这是一个数据帧:
+----+----------------------------------------------------------------------------------------------------------------------------------------------------------------------------------------------------------------------------------------------------------------------------------------------------------------------------------------------------------------------------------------------------------------------------------------------------------------+------+-----------+
|id |actions |clicks|spend |
+----+----------------------------------------------------------------------------------------------------------------------------------------------------------------------------------------------------------------------------------------------------------------------------------------------------------------------------------------------------------------------------------------------------------------------------------------------------------------+------+-----------+
|d353|[{"action_type":"key1","value":"55"}, {"action_type":"key2","value":"1"}, {"action_type":"key3","value":"56"}, {"action_type":"key4","value":"56"}, {"action_type":"key5","value":"16"}, {"action_type":"key8","value":"12"}, {"action_type":"key12","value":"8"}, {"action_type":"key10","value":"12"}, {"action_type":"key19","value":"12"}] |8 |835 |
|d353|[{"action_type":"key1","value":"50"}, {"action_type":"key2","value":"1"}, {"action_type":"key4","value":"51"}, {"action_type":"key3","value":"51"}, {"action_type":"key5","value":"2"}] |7 |582 |
|d353|[{"action_type":"key1","value":"38"}, {"action_type":"key3","value":"38"}, {"action_type":"key4","value":"38"}, {"action_type":"key5","value":"6"}, {"action_type":"key8","value":"5"}, {"action_type":"key12","value":"5"}, {"action_type":"key10","value":"5"}, {"action_type":"key19","value":"5"}] |6 |205 |
|56df|[{"action_type":"key1","value":"58"}, {"action_type":"key2","value":"2"}, {"action_type":"key3","value":"60"}, {"action_type":"key4","value":"60"}, {"action_type":"key5","value":"23"}, {"action_type":"key8","value":"11"}, {"action_type":"key11","value":"10"}, {"action_type":"key10","value":"11"}, {"action_type":"key19","value":"11"}] |15 |169 |
|56df|[{"action_type":"key1","value":"3"}, {"action_type":"key4","value":"3"}, {"action_type":"key3","value":"3"}, {"action_type":"key5","value":"2"}, {"action_type":"key8","value":"25"}, {"action_type":"key11","value":"1"}, {"action_type":"key10","value":"25"}, {"action_type":"key19","value":"25"}] |1 |139 |
|1f6f|[{"action_type":"key1","value":"37"}, {"action_type":"key4","value":"37"}, {"action_type":"key3","value":"37"}, {"action_type":"key5","value":"3"}, {"action_type":"key8","value":"1"}, {"action_type":"key10","value":"1"}, {"action_type":"key19","value":"1"}] |9 |939 |
+----------------------------+----------------------------------------------------------------------------------------------------------------------------------------------------------------------------------------------------------------------------------------------------------------------------------------------------------------------------------------------------------------------------------------------------------------------------------------+------+-----------+
我希望所有3列按id聚合
问题是,我看不到如何在“actions”列(一个字符串)上执行该操作。
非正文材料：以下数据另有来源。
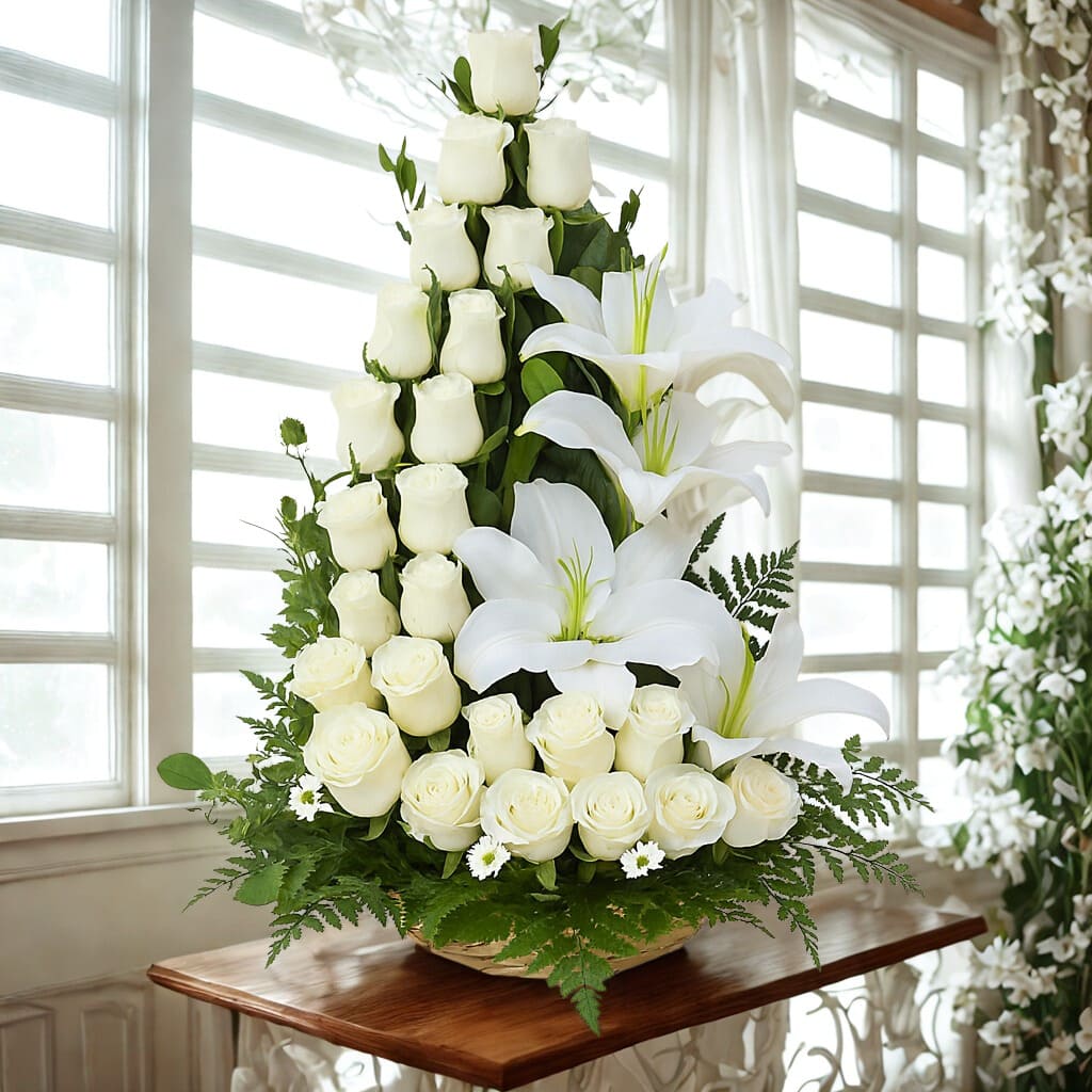 Compuesto por 24 rosas blancas importadas, lilium blanco aromático y delicadas margaritas blancas, esta composición transmite paz, ternura y armonía en cada flor.
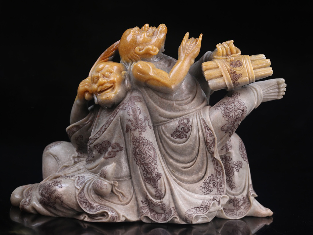 - ▽鴻▽清朝時代 寿山石彫 羅漢置物 箱付 時代物 中国古美術 骨董品
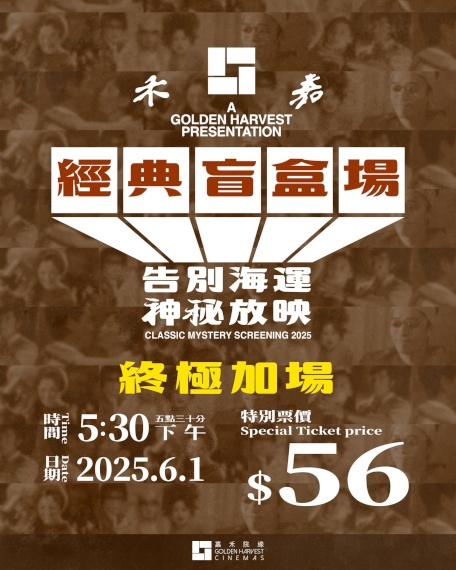 是次告別海運神秘放映的「經典盲盒場」安排於六月一日星期日下午五時半放映,而票價仍然為五十六元一票,相信三場經典盲盒場該放映不同電影。而這場終極加場的門票,亦已於嘉禾院線官方網站及海運戲院票房發售。

而且数组中的元素数量也不相等。我希望按值对其进行聚合,但要将其作为字符串保留在末尾,因为我将把该数据帧写入数据库表
下面是一个模式:
from pyspark.sql import SparkSession
spark = SparkSession.builder.appName('SparkByExamples.com').getOrCreate()
df = spark.read.parquet("actions.parquet")
df.printSchema()
root
|-- id: string (nullable = true)
|-- actions: string (nullable = true)
|-- clicks: integer (nullable = true)
|-- spend: integer (nullable = true)
预期结果:
|id |actions |clicks |spend |
+----+--------------------------------------------------------------------------------------------------------------------------------------------------------------------------------------------------------------------------------------------------------------------------------------------------------------------------------------------------------+-------+-----------+
|d353|[{"action_type":"key1","value":"143"}, {"action_type":"key2","value":"40"}, {"action_type":"key3","value":"145"}, {"action_type":"key4","value":"145"}, {"action_type":"key5","value":"24"}, {"action_type":"key8","value":"23"}, {"action_type":"key12","value":"13"}, {"action_type":"key10","value":"17"}, {"action_type":"key19","value":"17"}] |21 |1622 |
|56df|[{"action_type":"key1","value":"61"}, {"action_type":"key2","value":"2"}, {"action_type":"key3","value":"63"}, {"action_type":"key4","value":"63"}, {"action_type":"key5","value":"25"}, {"action_type":"key8","value":"36"}, {"action_type":"key11","value":"12"}, {"action_type":"key10","value":"36"}, {"action_type":"key19","value":"36"}] |16 |308 |
|1f6f|[{"action_type":"key1","value":"37"}, {"action_type":"key3","value":"37"}, {"action_type":"key4","value":"37"}, {"action_type":"key5","value":"3"}, {"action_type":"key8","value":"1"}, {"action_type":"key10","value":"1"}, {"action_type":"key19","value":"1"}] |9 |939 |
+----+--------------------------------------------------------------------------------------------------------------------------------------------------------------------------------------------------------------------------------------------------------------------------------------------------------------------------------------------------------+-------+-----------+
你能给我指一下正确的方向吗
编辑: 我猜我需要将该字符串字段转换为地图列表,进行计算,然后再次转换回字符串
最初我的计划是将actions列拆分为多个列,然后进行求和。 我尝试了以下类似的方法:
schema = ArrayType(
StructType(
[
StructField("action_type", StringType()),
StructField("value", StringType())
]
)
)
df = df.withColumn("actions", from_json(df.actions, schema))
所以模式现在是
root
|-- id: string (nullable = true)
|-- actions: array (nullable = true)
| |-- element: struct (containsNull = true)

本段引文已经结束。